The latest SuperConcepts “SMSF Investment Patterns Survey” has revealed an increase in the number of limited recourse borrowing arrangements (LRBA) among SMSF trustees during the 2016 September quarter.

The analysis showed the use of LRBAs among SMSF investors rose during the quarter as indicated in a 7.4 per cent increase in property loan allocations from 70.2 per cent to 75.3 per cent.

At the same time, financial asset loans dropped by 16.9 per cent.

Further, the study found there was a rise from 37.3 per cent to 38 per cent in all direct property holders using gearing.

“The ATO’s safe harbour guidelines around limited recourse borrowing arrangements has led investors to wind up some of their related-party loans in relation to financial assets and focus gearing on property,” SuperConcepts technical and strategic solutions executive manager Phil La Greca said.

Other survey findings indicated SMSF trustees had upped their allocations to hybrid securities for the quarter from 6.5 per cent to 7 per cent.

“The continued drop in interest rates has given trustees no choice but to seek income elsewhere. The new hybrid capital offer from ANZ has led to increased interest in hybrids, but investors are proceeding with caution as the security generally carries significant risk,” La Greca noted.

SuperConcept’s statistics also showed contributions continued to decline during the quarter, with the average contribution inflow per funds dropping from $10,750 to $3040.

La Greca attributed that trend to ongoing uncertainty about the proposed legislative changes in the area, but was optimistic the trend would change in the coming months.

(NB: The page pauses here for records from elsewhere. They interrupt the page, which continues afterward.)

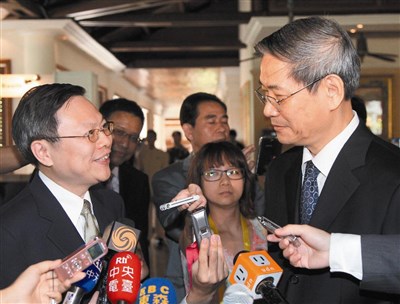 我國APEC領袖代表蕭萬長昨天與中國大陸國家主席習近平舉行會談,兩人會前握手致意,互稱「先生」。會後,陸委會主委王郁琦(左)與大陸國台辦主任張志軍(右)彼此短暫交談,並以對方官銜互稱。圖/中央社
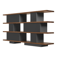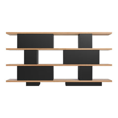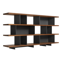 Wood shelves and metal blocks stack without the need for hardware forming beautiful voids and cubbies to house all the things in a perfectly curated manner. Two widths of foot and shelf blocks celebrate asymmetry while bringing stability and visual appeal.
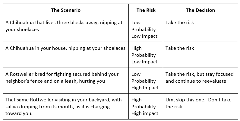 Risk assessment matrix: Identify the scenario where you may do something. Identify the probability that you will be exposed for doing and the negative impact of any response and make the right decision on whether to do from the matrix. Oh, look, I made one for you. You want to do something and move into a neighborhood with dogs.
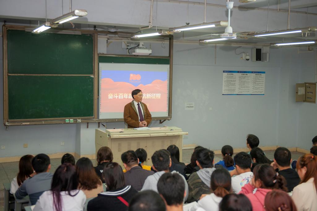 为深入学习宣传贯彻习近平总书记在庆祝中国共产党成立100周年大会上的重要讲话精神,10月25日,校党委书记王成端教授在一教楼413教室为我院学生作题为“奋斗百年路,启航新征程”的形势与政策报告。学院党总支书记冉林、正处级组织员张波、副书记王文娟及学工办全体教师一同参加。
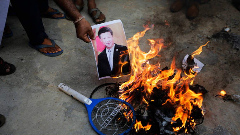 Σε διάφορες πόλεις της Ινδίας έγιναν διαδηλώσεις με συνθήματα κατά της Κίνας, ενώ έκαψαν και φωτογραφίες του Κινέζου πρωθυπουργού Σι Τζινπίνγκ.
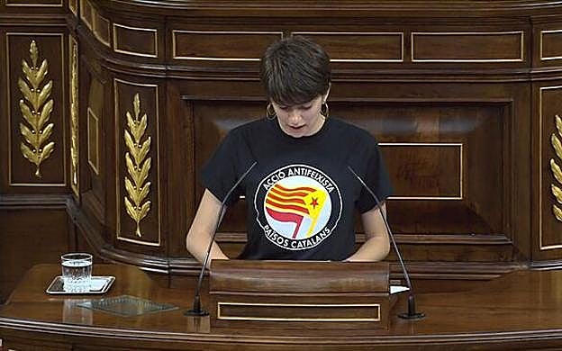 R.C. Marta Rosique, ERC, es la diputada más joven del nuevo Parlamento. Feminista, republicana, ferviente separatista y antimilitarista declarada. Su camiseta ha dado mucho que hablar en redes. «Acción antifascista. Países catalanes», se puede leer en la prenda. Además, también ha llevado serigrafiada una Estelada.
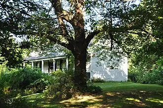 Built c. 1825, it is a Federal style house that is two-and-one-half-stories with a flank gable roof and an L-plan. The house is set into a small hill and has a one-and-one half-story, gabled ell at the rear. An original, two-story, hip-roof veranda extends across the front; its second story level continues along the side and ell. The veranda roof slope is integral with those of the main house and ell. There is a central entrance on each story in the five-bay facade beneath the veranda; the second-story entrance has sidelights and decorative trim. The house was probably standing when Lewis Tower purchased a 19-acre farmstead here from Philip Thomas in 1833.[2]
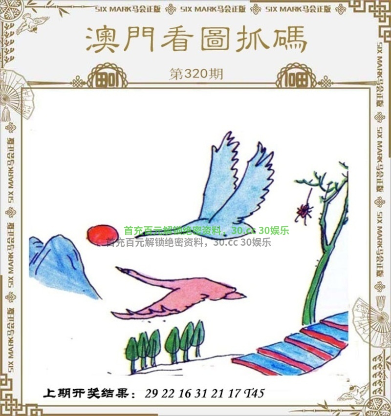 | 319期:开奖结果:29-22-16-31-21-17特:鸡45准 | |||||||||||
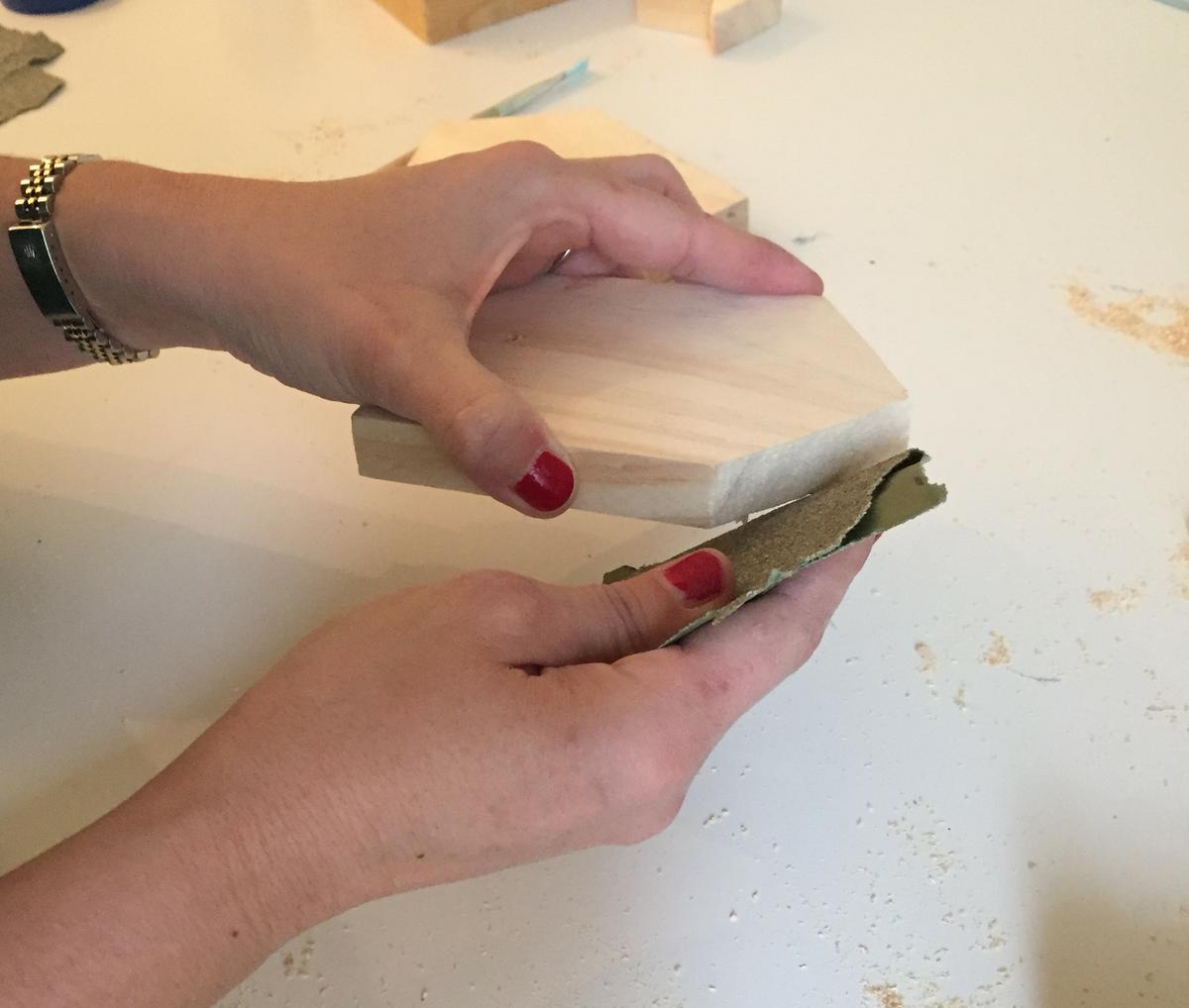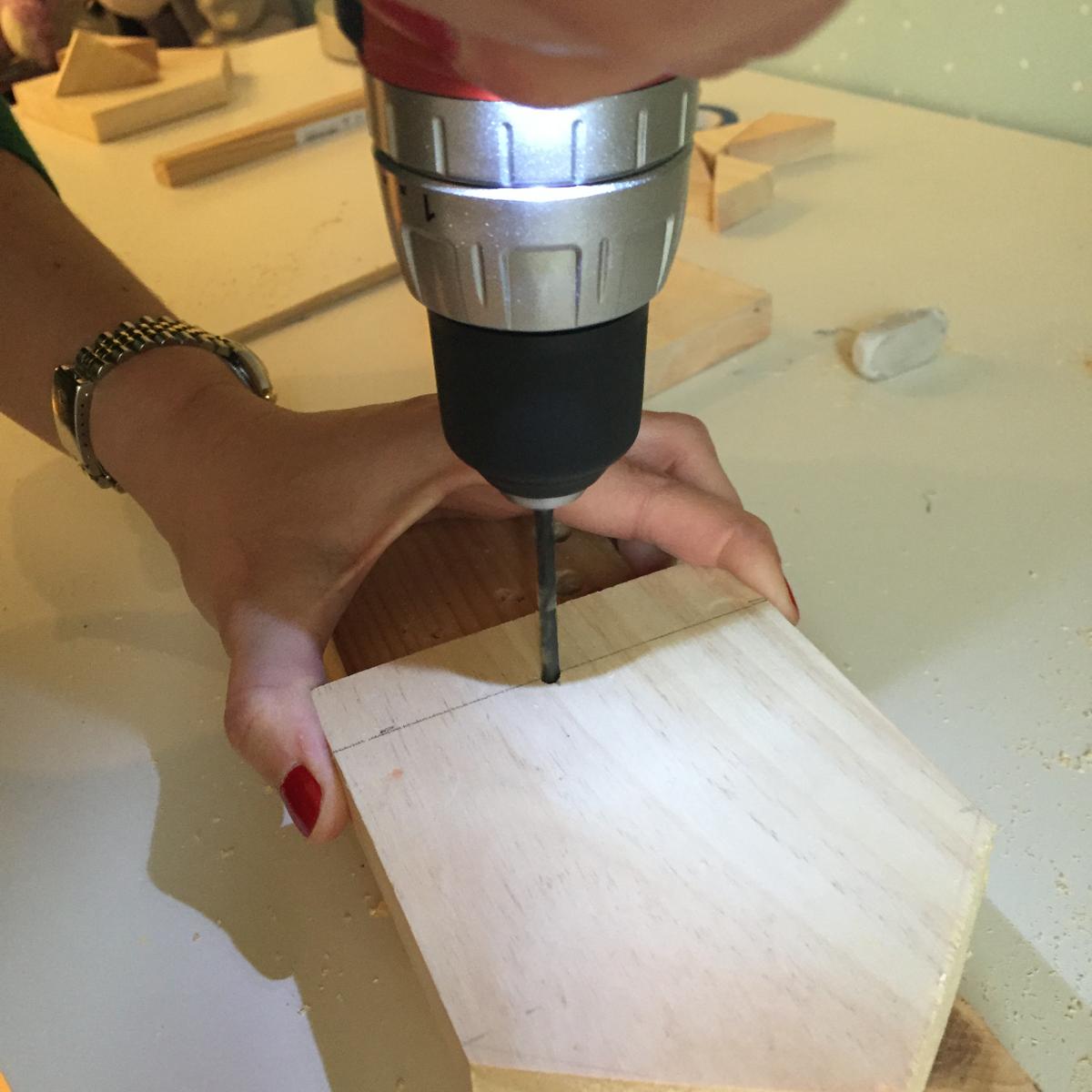 Paso 2: marcamos el centro del ancho de la tabla y a 2 cm de la base hacemos un agujero con el taladro, en este agujero colocaremos el pomo más adelante. Lijamos para quitar las posibles rebarbas y ya tenemos la forma de la caseta.

“Following the government’s September announcement around significant adjustments to proposed superannuation changes, we expect this trend to be reversed and contribution levels to start rising again,” he said.

“With the current $180,000 after-tax contribution cap, and the three-year $540,000 bring-forward rule remaining until 30 June 2017, we’re likely to see a significant uplift in the level of after-tax contributions before the end of the financial year.”

The survey reflects the investment patterns of around 2900 funds administered by Multiport that hold about $3.1 billion in assets.